In the past week, with just days left before the Highway Trust Fund runs dry, both the Senate and the House of Representatives passed short-term measures that would keep the fund solvent through the end of this year.

While both plans are essentially short-term patches for a long-term problem—meeting America’s growing infrastructure needs with funding from a gas tax that hasn’t risen since 1993—the Senate version, passed Tuesday, is a big step in the right direction.

Gone are the pension-smoothing and accounting gimmicks, included in the House’s earlier version of the bill, that Senator Bob Corker (R-TN) called “generational theft.” Furthermore, rather than delay the Trust Fund’s insolvency to May of 2015, the new proposal only runs through the end of this year, forcing Congress to confront a long-term solution sooner.

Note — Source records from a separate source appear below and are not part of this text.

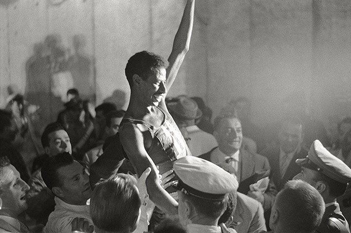 Mais qu’importe. Abebe Bikila tient tête aux meilleurs et notamment au Marocain Abdeslam Radi. Cependant, le duel prend fin à 2 km de l’arrivée, lors d’un passage devant l’obélisque d’Aksoum. Un monument célèbre mais surtout volé par Mussolini à l’Éthiopie en 1937. Le symbole crève les yeux mais ne coupe pas les jambes à Bikila. Le militaire accélère et décroche son adversaire. Abebe Bikila ne lâchera pas sa première place et s’en va remporter l’épreuve au pied de l’Arc de Triomphe de Constantin. Encore un pied de nez à l’Histoire, les troupes de Mussolini étaient parties de ce point avant d’aller conquérir l’Éthiopie…
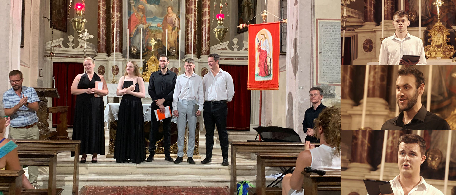 I Tredici and L’Orchestra Accademia di Venezia - Le Quattro Stagioni and Four New Seasons In our 2023 season, our four MusicaLink scholars were also given the opportunity to sing with I Tredici in the Italian première of Paul Carr’s “Four New Seasons” in the spectacular Scuola grande di San Giovanni Evangelista in Venice on 27th August with the “Orchestra Accademia di Venezia” alongside the original “Quattro Stagioni” by Vivaldi.
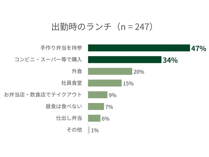 オフィス出社時、手作り弁当を持参する人が多く(34%)、次いでコンビニ・スーパー等で購入する人が多い(24%)。
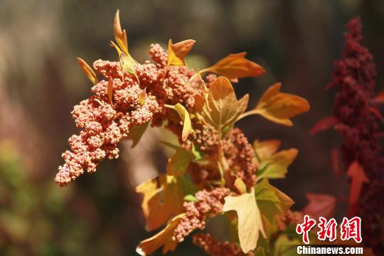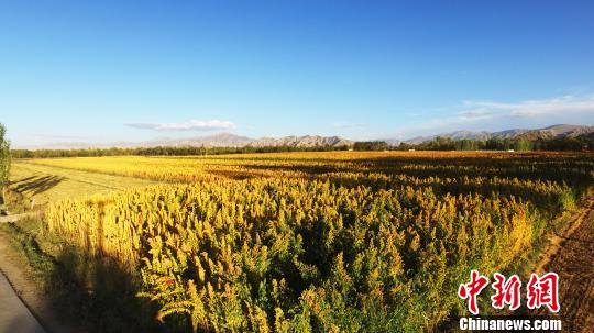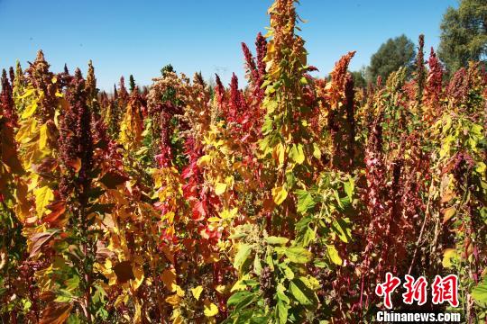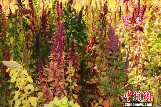 在柴达木盆地深处的都兰县,只见不同品种藜麦成熟的麦穗呈现出火红、金黄、紫红等五彩斑斓的色彩,麦田宛如一幅幅天然的油画,美不胜收。
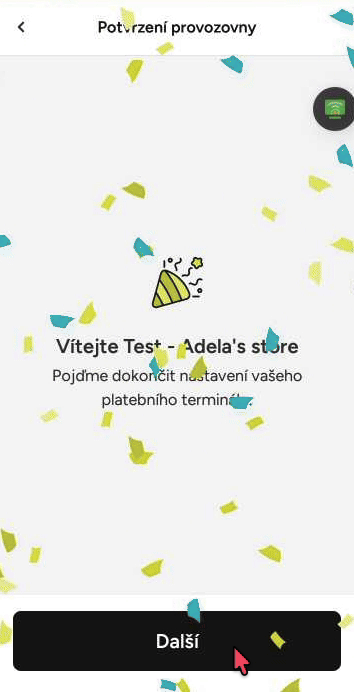 - Zkontrolujte název provozovny a klikněte na Další. Pokud máte pod emailem více společností, vyberte společnost, pro kterou chcete terminál aktivovat.
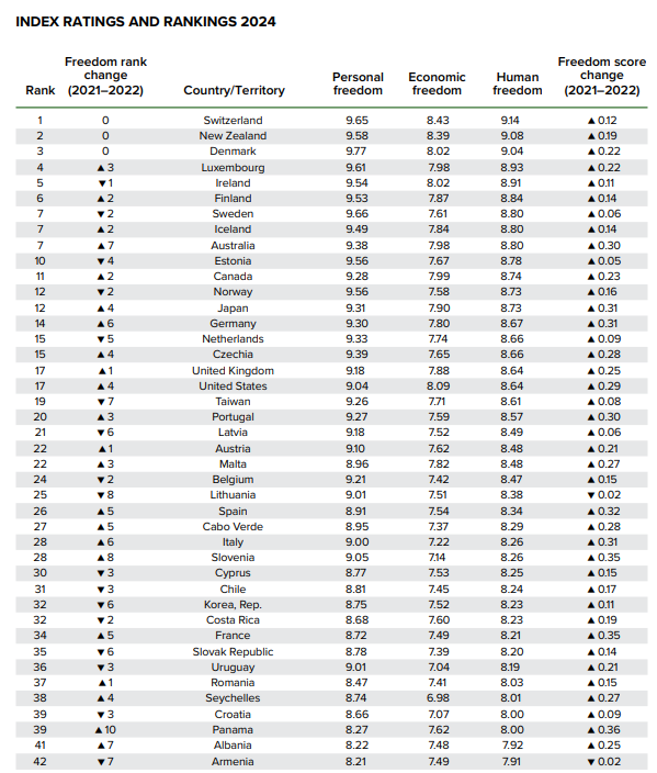Now lets look at the latest rankings of countries by Cato Institute:
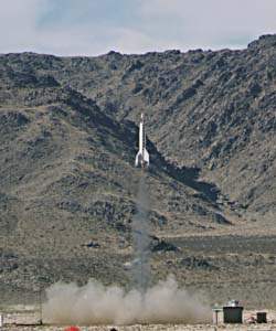 The second flight was at Springfest '99 on March 21st. This launch is put on by L.T.R. at El Dorado dry lake outside Las Vegas. This time, I decided to fly it on a K185, again a low-thrust long-burning motor.
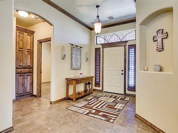 Fabulous 3 Bedroom +Study on a cul-de-sac street in beautiful Lake Woods addition. Enjoy spending time outdoors on this over-sized lot w/extended patio, wood-burning fire pit, large outdoor storm shelter, dog run & outbuilding w/electricity. The homeowners love the many custom upgrades & subtle details in this home such as designer paint colors, rounded corners, arched doorways, niches, crown molding, granite countertops throughout & pendant lighting. Engineered wood floors in the newly painted office w/French Doors. Spacious Kitchen w/lots of counter & cabinet space, pantry, casual dining space & breakfast bar. Master bedroom w/built in desk & ensuite bath,dbl vanities, whirlpool tub and walk-in closet. Redesigned front brick entry w/keystone, whole house guttering, Vivent Security system w/Co2 Protection & 4 Cameras. High security screen door. Split plan, 3 Car garage, Wired for sound. HOA offers Nature Park, walking trails, a private/stocked 6 acre lake & 15 acres of common area!
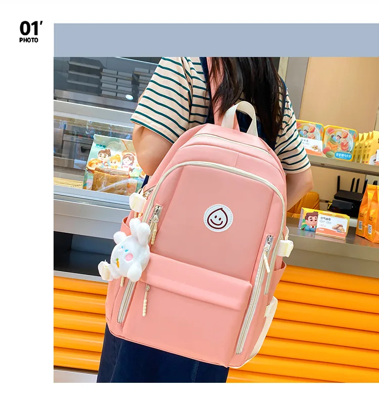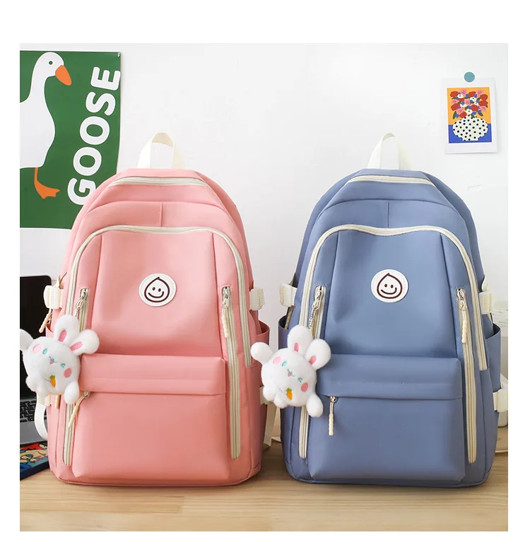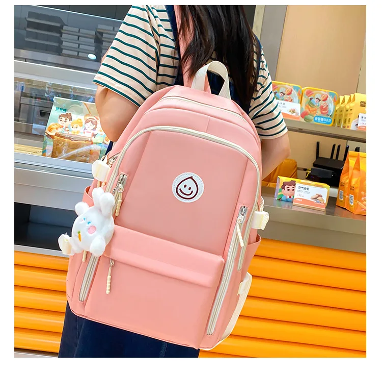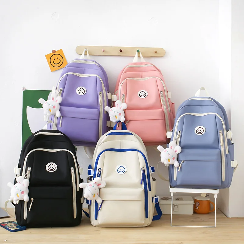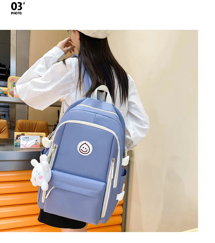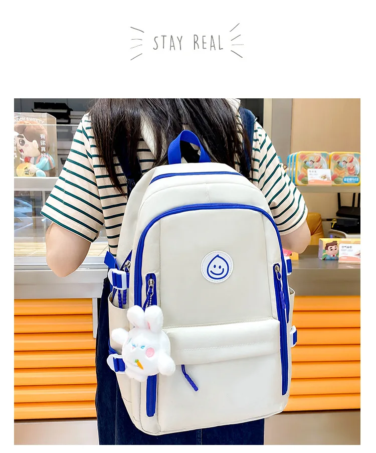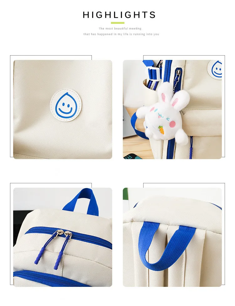 Smiling face printing 4 Pcs Sets Children's School Backpack Kawaii Women's Backpack Bookbag School Bags for Teens Girls Mochilas
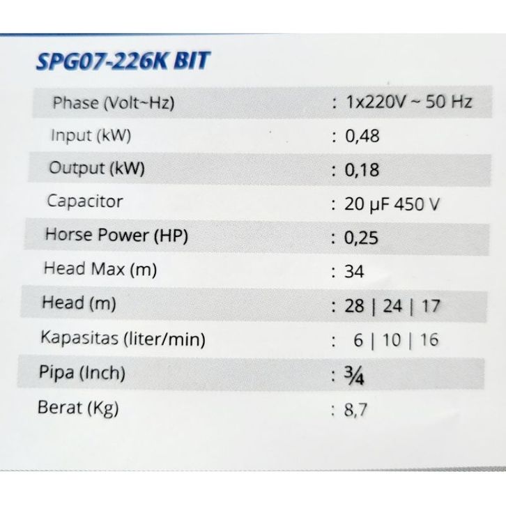 Murah POMPA AIR SATELIT SHIMIZU SPG07-238 BIT 0.5 HP + KABEL /POMPA SUBMERSIBLE 1/2 HP 2 INCH / SPG07=226K BIT / SPG07=
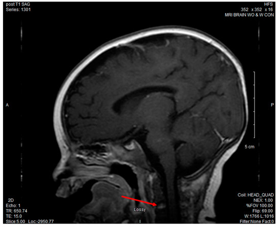 Magnetic resonance imaging (MRI) brain with and without contrast: increased T2 enhancement of the C3 vertebral body concerning for osteomyelitis.
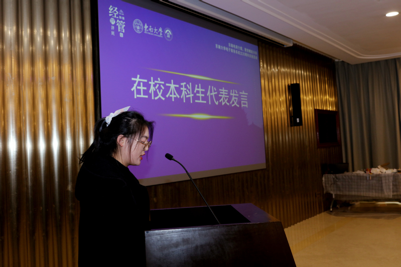 两位杰出校友丁少曦、赵博阳分享了他们在大学期间的收获与成长,并向学弟学妹们提出了殷切期望,鼓励他们在未来的人生道路上勇敢追梦,开创属于自己的精彩。同时,他们也分别从电商与其他传统行业的融合以及电子商务最新学术研究的视角,分享了他们对电商人才培养的多元化思路,为电子商务系未来的人才培养提供了新的思考路径。
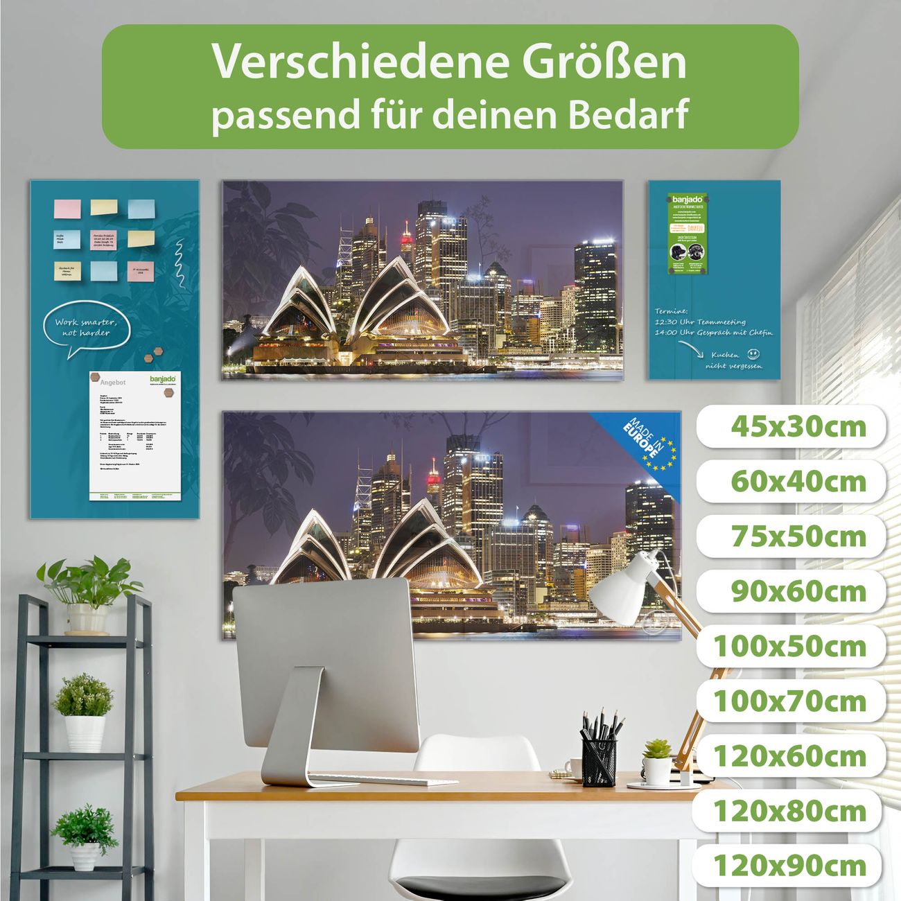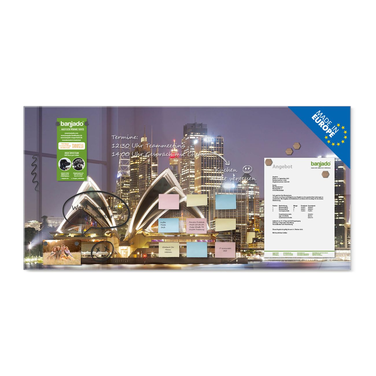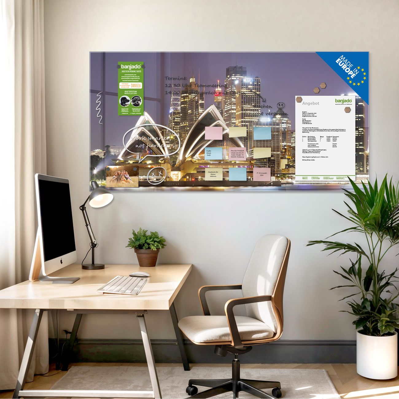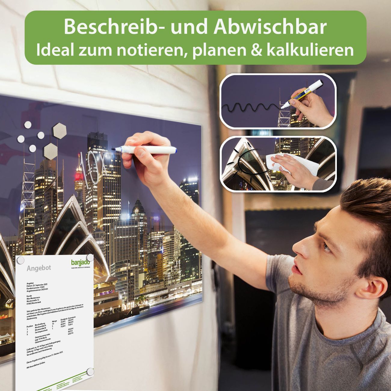 Jede Glas Magnettafel wird in unserer Werkstatt von Hand gefertigt und sorgfältig geprüft. So erhalten Sie ein echtes Qualitätsprodukt, das Funktion und Ästhetik perfekt vereint.?? Warum banjado?
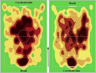 Notably, Brazil barely utilized flanks (Figure 4) despite Garrincha's presence, though their first two goals originated from left-wing attacks. Meanwhile, Czechoslovakia predominantly attacked through their right flank, making their play predictable. Both teams' organized defenses forced opponents into long-range attempts.
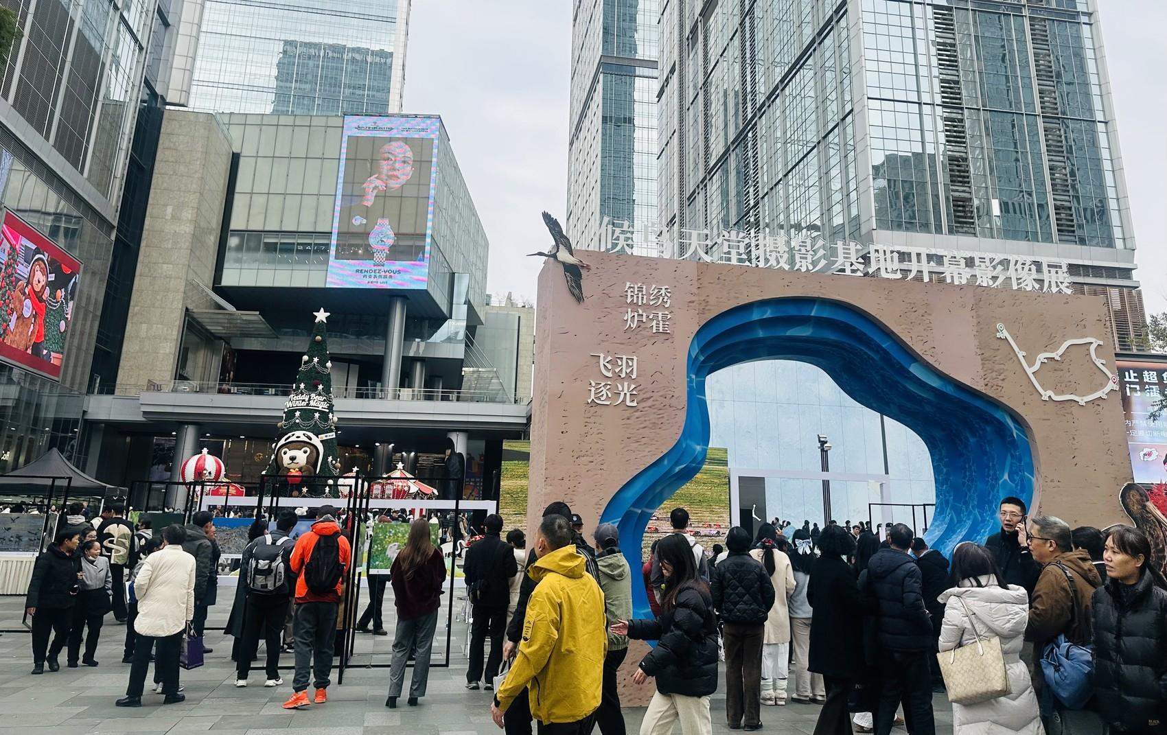 黑頸鶴掠過卡薩湖、赤麻鴨停歇鮮水河……12月13日,在成都春熙路商圈,一場別開生面的鳥類攝影展開展,100幅候鳥攝影圖片被布置成一條走廊,吸引往來游客駐足“打卡”。

“The insolvency of the Highway Trust Fund is a major threat to our infrastructure and to our economy,” said Smart Growth America President Geoffrey Anderson. “We’re happy to see that the Senate is serious about reasonable funding measures and a long-term bipartisan solvency solution.”

“Today’s votes held some positive signs for the future of our nation’s transportation system,” said James Corless, director of Transportation for America, a program of Smart Growth America, in a statement released today. “The Senate overwhelmingly rejected a move to dismantle our key infrastructure fund, and instead challenged themselves to take up a long-term funding solution this year.”

The Senate’s amended version of the bill will head back to the House on Thursday to be considered for passage before the August recess begins this weekend.